Charron – Sovereignty and the Public Interest

Pierre Charron, in the Sixteenth century proposed a definition of sovereignty close to that of Jean Bodin.

Thus, in De la Sagesse, Pierre Charron maintains that sovereignty is a:

Perpetual and absolute power, without restriction of time or condition: (…) sovereignty is said to be such and absolute, in that it is not subject to any human laws or its own.

Pierre Charron, On Wisdom, I, 49

Thus, sovereignty is truly at the top of the pyramid of power. No law applies against it. One could qualify this statement and show that the divine law, at this important time for a theologian like Pierre Charron, is even more powerful and constrains sovereignty. Moreover, the latter remains ordered to reason.

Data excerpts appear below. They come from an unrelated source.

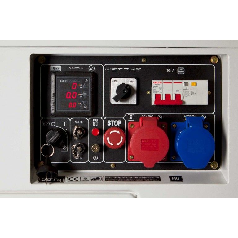 Панель управления генератора - полностью обновленный цифровой дисплей не только информационный, а в первую очередь выполняет функцию надежной защиты генератора от перегрузок, а также защищает подключенных к генератору потребителей от таких неприятностей, как скачки напряжения, тока, частоты, и даже предупреждает пользователя о низком заряде аккумулятора.
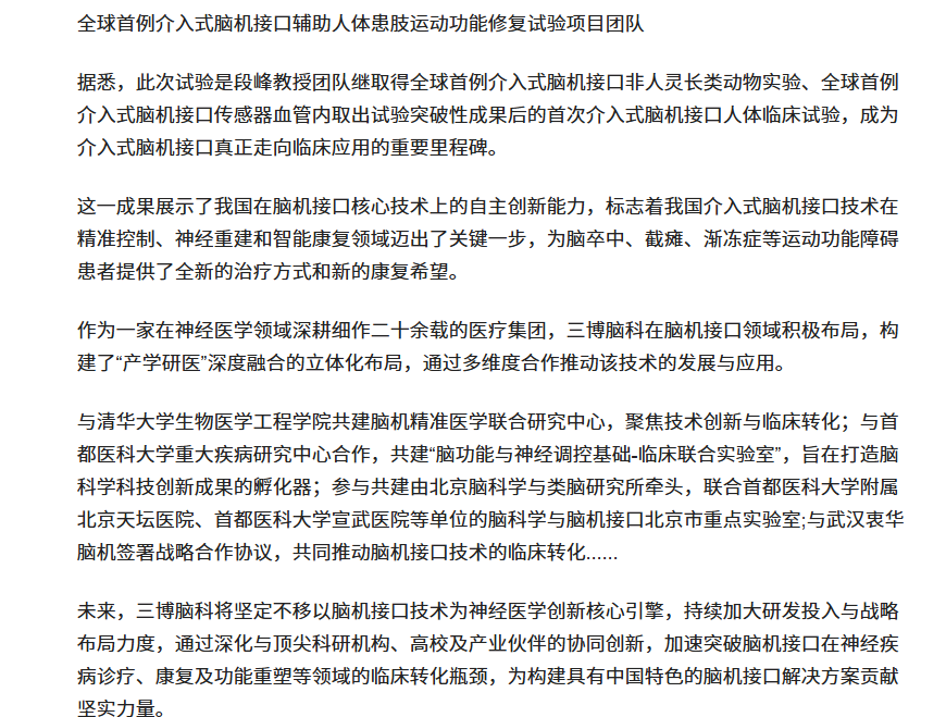 三博参与完成介入式脑机接口实现人体患肢运动功能修复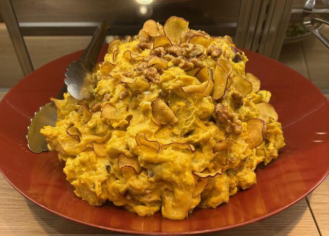 秋の味覚の定番、さつまいもと南瓜を、クリームチーズやくるみとあわせた秋サラダです。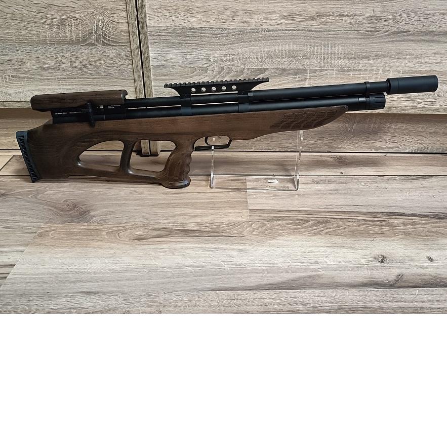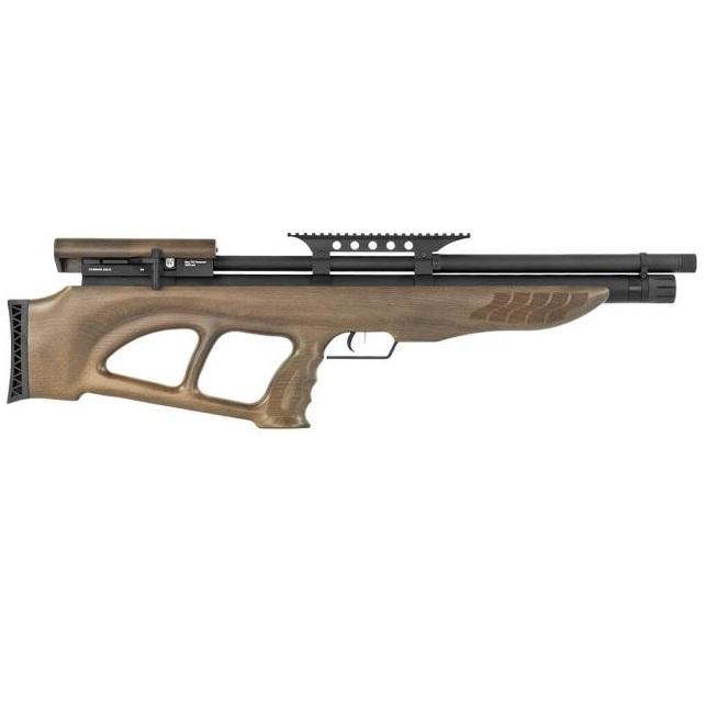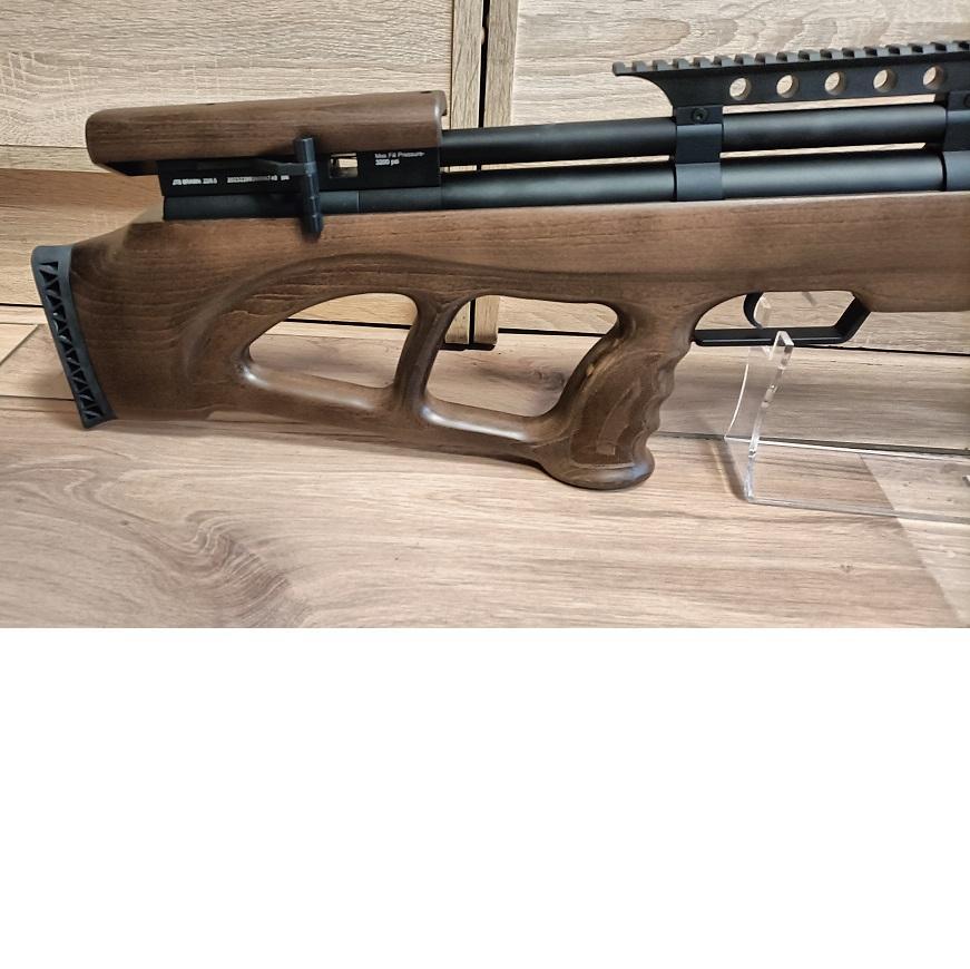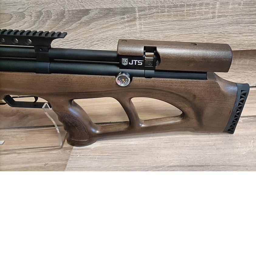 Ten karabin PCP JTS Brawn w układzie bullpup jest w całości wykonany z metalu i ma pięknie wykończoną drewnianą kolbę. Lufa ma długość 437 mm, a jego całkowita długość wynosi 838 mm. Brawn charakteryzuje się solidną konstrukcją i waży około 4220 gramów, co wynika z w pełni metalowej i drewnianej konstrukcji. Mimo to wiatrówka doskonale leży w dłoni.

To feed the reflection on the potential revolutions on behalf of the people, it is interesting to observe that Pierre Charron in the same work proposes or at least tries to reconcile the public interest and morality. To this end, one must be able to use “bad means” in case one would achieve a better and more important result.

Thus:

One is forced to use bad means to avoid and get out of a greater evil, or to reach a good end: so much so that sometimes it is necessary to legitimize and authorize not only the things that are not good, but also the bad ones, as if to be good it was sometimes necessary to be a little bad. And this is seen everywhere in the police, justice, truth, religion.

Can we not, therefore, in the name of the interest of the State, curb a revolution in the making by crueler means?